彼は通りを歩く冒険者たちの姿を見ながら、少しくたびれたように言う。
「冒険者の方が大勢こられましてな。どこもかしこも忙しいですよ」
「イスヴァールじゃなくて、こっちへ直接来てる人も多いみたいだね」
「ええ。このままの調子が続くなら、村を拡張していただかないと持ちません」
「街の方が落ち着いたら、人員をよこすよ」
「あと、コインの追加も頼みます。かなり両替する人が多くて」
「わかった」
ムムルさんの話を聞きながら、手早くメモを取る。
急にお客さんがいっぱい来ただけあって、困っている点も多いようだ。
これは後でサルマトさんにも来てもらわないとな。
よく見ると、お金のやり取りに四苦八苦しているコボルトの姿も見える。
一応、通貨を発行してからはそれを利用するように促していたんだけど……。
案の定、まだほとんど物々交換でやり取りしていたらしい。
「ダンジョンの方にも行ってあげてください。アリシア殿たちが少し心配です」
「そうだね。
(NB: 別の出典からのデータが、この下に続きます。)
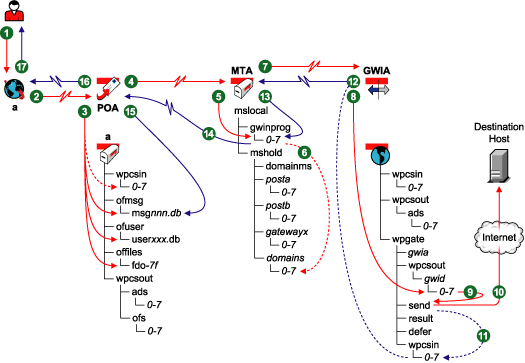 The POA then communicates the message to the MTA for the sender’s domain by way of TCP/IP, and deletes the copy in the MTA input queue because the TCP/IP transfer to the MTA was successful. |

これだけ人がいたらトラブルも多そうだ」
こうして、村の通りを抜けてそのままダンジョンへと移動する俺とマキナ。
元はダンジョンへと通じる道などなかったが、今ではしっかりと登山道のようなものが設けられていた。
冒険者たちに混じって、道を歩くこと三十分ほど。
岩山の中腹に差し掛かったところで、前方に大きな洞窟の入り口が見える。
「む? ヴィクトル様?」
洞窟の入り口に立っていたアリシアさんが、俺たちの姿を発見して手を振った。
彼女はそのままこちらに向かって、タタタッと走ってくる。
「ヴィクトル様、よくお越しくださいました」
「ああ。ダンジョンの方はどうだ?」
「順調です。とは言っても、私のしていることと言えば冒険者同士で揉めていないかここで見ているぐらいですが」
「そうか。ガンズさんとミーシャさんは?」
「洞窟の中です」
なるほど、二手に分かれたという訳か。
そっちの方も様子を見に行かないとな。
俺がそんなことを考えていると、洞窟の奥の方から声が聞こえてくる。
「なんだ?」
「もしかすると、誰か怪我でもしたのかもしれません」
「急ぎましょう! 幸い、傷の治療ならば心得があります」
こうして俺たちは、急いで洞窟の奥へと走ったのだった――。